The central power that ordination granted was the power to consecrate the bread and wine at the altar, and so, over time, ordination was considered to include only those orders that served at the altar, that is, the orders of priest, deacon and subdeacon. All of the other earlier orders were no longer considered to be orders at all.

As a part of this redefinition, women were excluded from all the orders including that of priest, deacon and subdeacon. In fact, it was taught and believed, and still is, that women never performed any of the roles now limited to those three orders. 


Under the older definition of order, however, women played several liturgical and administrative roles now reserved to deacons, priests and bishops. Evidence from the fourth through the 11th centuries indicates that a few women led liturgies with the approval of at least some bishops. 

The best surviving example of this is a stone carving dated between the fourth and sixth centuries and found near Poitiers, France; it commemorates that "Martia the priest [presbytera] made the offering together with Olybrius and Nepos." 

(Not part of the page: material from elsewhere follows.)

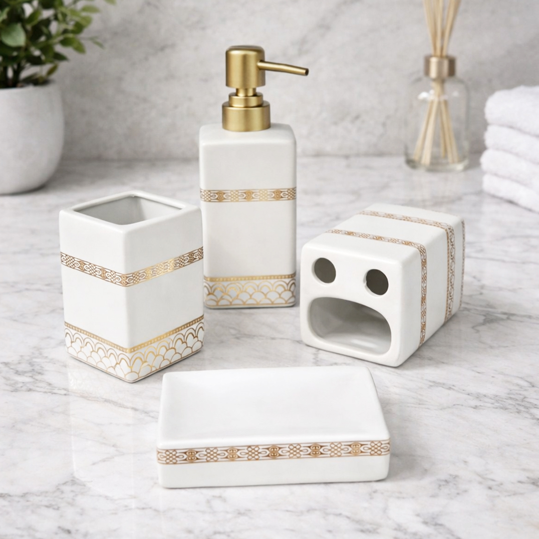 Composé d’un distributeur de savon, de deux supports (brosses à dents ou accessoires) et d’un porte-savon, ce set est idéal pour une salle de bain propre, bien rangée et harmonieuse.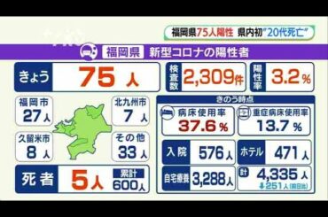新型コロナウイルス・・・福岡県の陽性75人 20代で初の死者

Scholars who have studied the carving agree that this inscription refers to Martia as a minister who celebrated the Eucharist along with two men, Olybrius and Nepos. That the practice continued is witnessed in a letter of Pope Gelasius I from 494 that admonished bishops who confirmed women to minister at the altar. 

Pope Zachary also condemned the practice of allowing women to serve at the altar. The Council of Paris in 829 made it extremely clear that it was the bishops who were allowing women to minister at the altar. Women certainly did distribute Communion in the 10th, 11th and perhaps the 12th centuries. Texts for these services exist in two manuscripts of this period.

All of this changed over roughly a hundred-year period between the end of the 11th century and the beginning of the 13th. For many different cultural reasons, women were gradually excluded from ordination. 


First, many roles in the church ceased to be considered as ordained -- most importantly, abbots and abbesses. Powerful women in religious orders went from being ordained to laity. 

Second, canon lawyers and then theologians began to debate whether women could be ordained to the priesthood or diaconate. Several canonists argued, for instance, that women had once been ordained to the diaconate but now no longer were. 

By the end of the 12th century, arguments were put forward that women had never been "really" ordained despite references in canon law to the contrary. 

Finally, by the beginning of the 13th century, canonists and theologians argued that women had never been and could never be ordained since they were physically, mentally and spiritually inferior to men. One Franciscan theologian, Duns Scotus (1266-1308), took a different approach. 

Women were the equal of men in all ways, but since Jesus had never ordained women, the church could not do so. This is, of course, the position of the magisterium in the present.

Little has changed, then, in the theology of ordination since the 13th century, when the church structure we have now was first solidified. The official teaching on the ordination of women dates from about a hundred years later.